A seguir ao número 1 pode colocar-se outra carta de número 1 ou uma de número 2, e assim sucessivamente com os outros números. Sobre uma carta número 6 joga-se outra número 6 ou uma carta de lama. A seguir a uma carta de lama pode colocar-se outra carta de lama ou uma carta número 1.

2 – Em alternativa a jogar uma carta da mão, os jogadores podem biscar uma carta do topo do baralho de bisca. Se o baralho se esgotar, não se forma novo baralho nesta ronda, por isso, esta ação deixa de estar disponível para os jogadores até a ronda seguinte.

3 – A qualquer altura do jogo, na sua vez, os jogadores podem sair do jogo, desistindo de jogar nessa ronda. Se apenas um jogador ficar em jogo, ele pode continuar a tentar descartar as suas cartas, no entanto, não poderá usar mais a ação de biscar do baralho de bisca.

Image rmarkworth

⇒ Fim do jogo 

O jogo termina quando um jogador ficar sem cartas na mão OU todos os jogadores tiverem desistido da ronda.

Em seguida contam-se os pontos negativos. Os pontos negativos são atribuídos a cada jogador em forma de fichas (branca valem 1 ponto negativo, pretas valem 10 pontos negativos). Procede-se da seguinte forma:

  • Cada carta vale o seu valor em pontos negativos, mas cartas com o mesmo valor só se contam uma vez, ou seja, no caso de ter duas cartas de valor 5 e três de valor 6, o jogador recebe 11 pontos negativos e não 22 pontos negativos – [(5+5)+(6+6+6)=11].
  • Cada carta de lama vale 10 pontos negativos. Várias cartas de lama valem apenas 10 pontos negativos, à semelhança das outras cartas.

Image AMIGO

Quando um jogador consegue terminar a ronda sem nenhuma carta, tem o privilégio de entregar uma das suas fichas de pontos negativos para a reserva, obviamente, que se tiver fichas pretas, poderá e deverá entregar uma dessas.

Se no final da contagem nenhum jogador tiver alcançado os 40 pontos, dá-se início a uma nova ronda. Caso contrário, o jogo termina e ganha quem tiver menos pontos negativos. Em caso de empate, ganham todos os empatados.

⇒ Nova ronda

Distribuem-se 6 cartas a cada jogador. Forma-se um baralho de bisca no centro da mesa e revela-se a carta do topo para formar o monte de descarte. Começa o jogador que jogou a última carta na ronda anterior.

Avaliação:

LAMA é um jogo de cartas extremamente simples, mas com uma ideia cativante.

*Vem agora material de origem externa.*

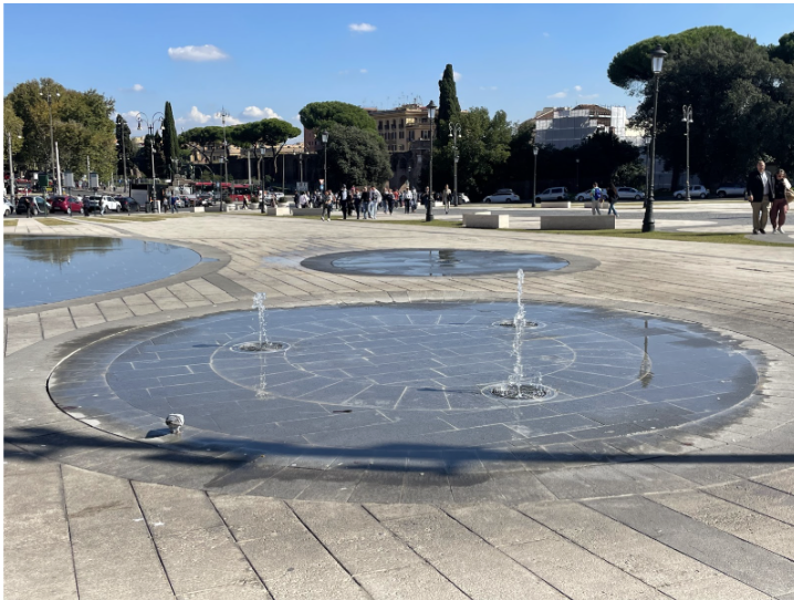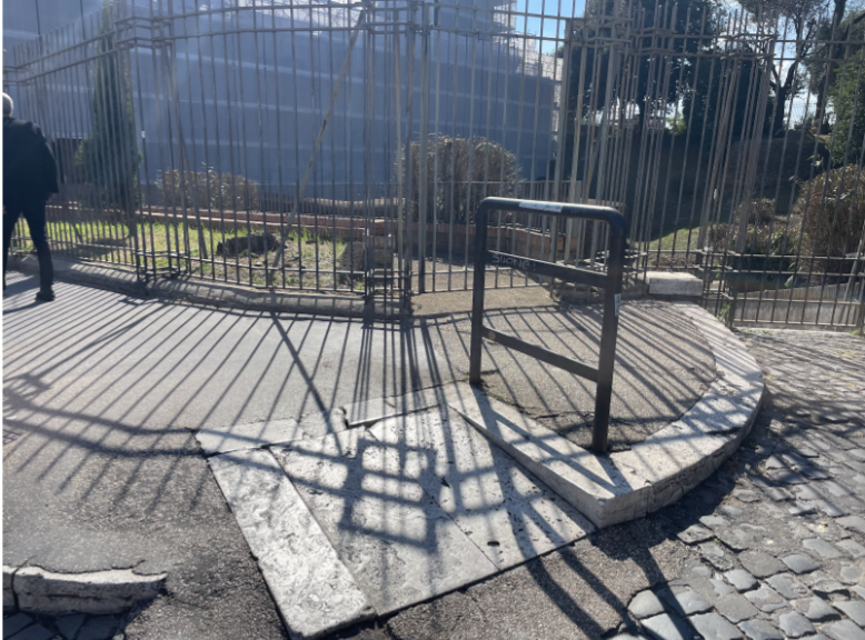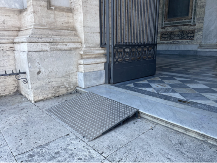 Dal punto di sosta al varco di sicurezza l’area è ampia e priva di dislivelli significativi. Il piazzale presenta tratti in pietra liscia, zone erbose e piastrelle in cemento, con presenza di fontane a sfioro a destra e sinistra della facciata. L’ingresso è dotato di rampa.

56 cartas, 70 discos plásticos em preto e em branco, uma folha de regra et voilá. Apresenta-se assim o material que vem dentro da carismática caixa retangular da Amigo Spiele.

A editora alemã quase todos os anos consegue lançar um jogo que atrai as atenções de quem gosta dos jogos de cartas. Nuns anos com mais intensidade do que noutros, mas sempre regular. Este ano, foi um desses anos em que conseguiu o feito de colocar um dos seus jogos no restrito lote de finalistas ao prémio alemão Spiele des Jahres.

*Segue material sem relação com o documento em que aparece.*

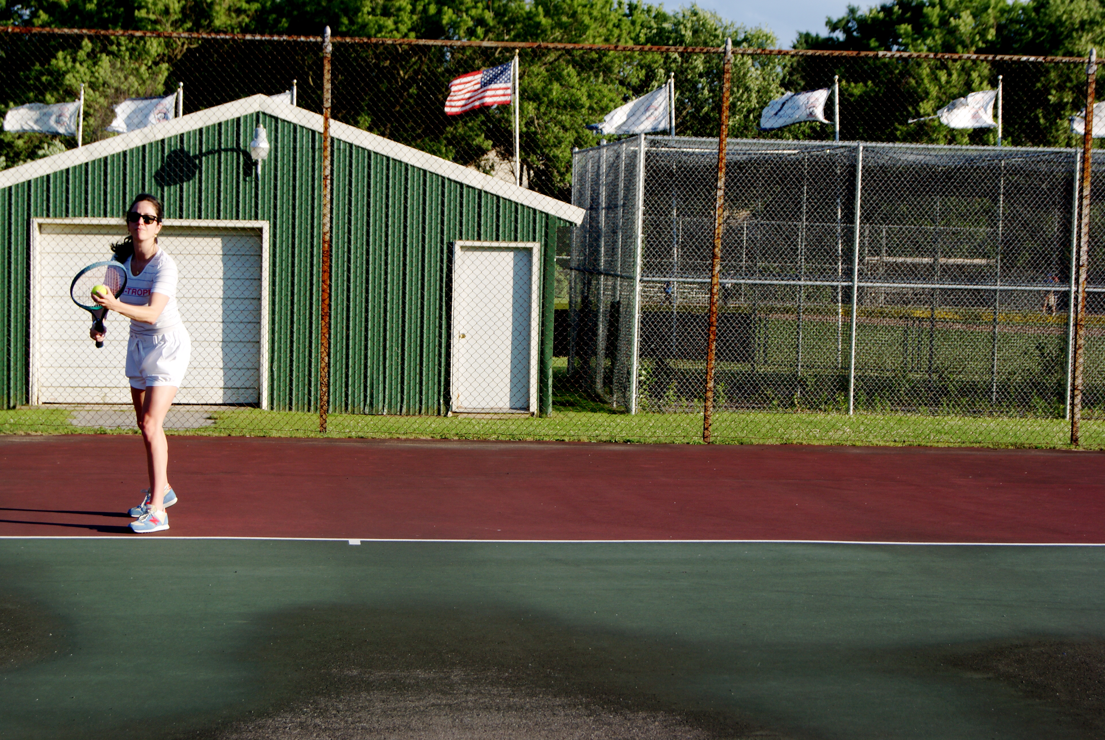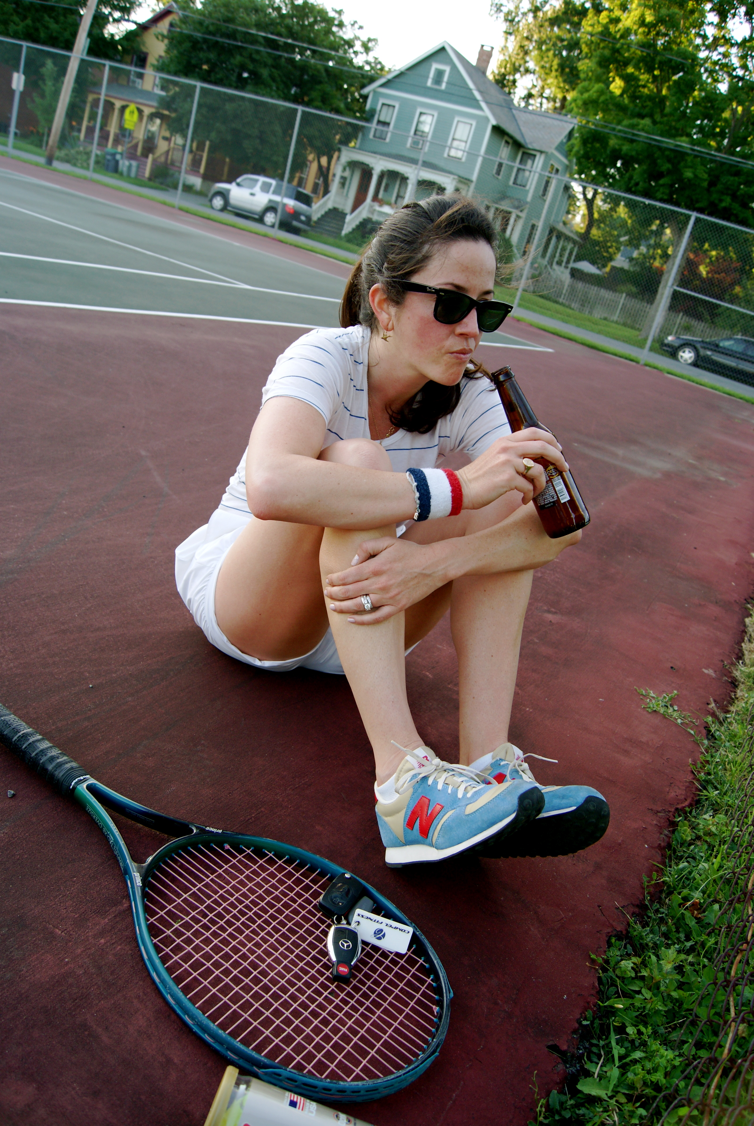 *Disclaimer: there will be absolutely no instances of high heels on tennis courts in this post. But there will be drinking on the courts. Exhale and carry on.

O prémio alemão é o equivalente à liga dos campeões para jogos de tabuleiro, garantindo uma perspetiva de encaixe financeiro enorme, dada a penetração de mercado que consegue almejar aos nomeados. Embora não tenha ganho o título, esse foi para Just One, o simples facto de estar no lote dos três finalistas já vai permitir um encaixe financeiro bem significativo por via do fluxo de vendas que trará nos próximos meses.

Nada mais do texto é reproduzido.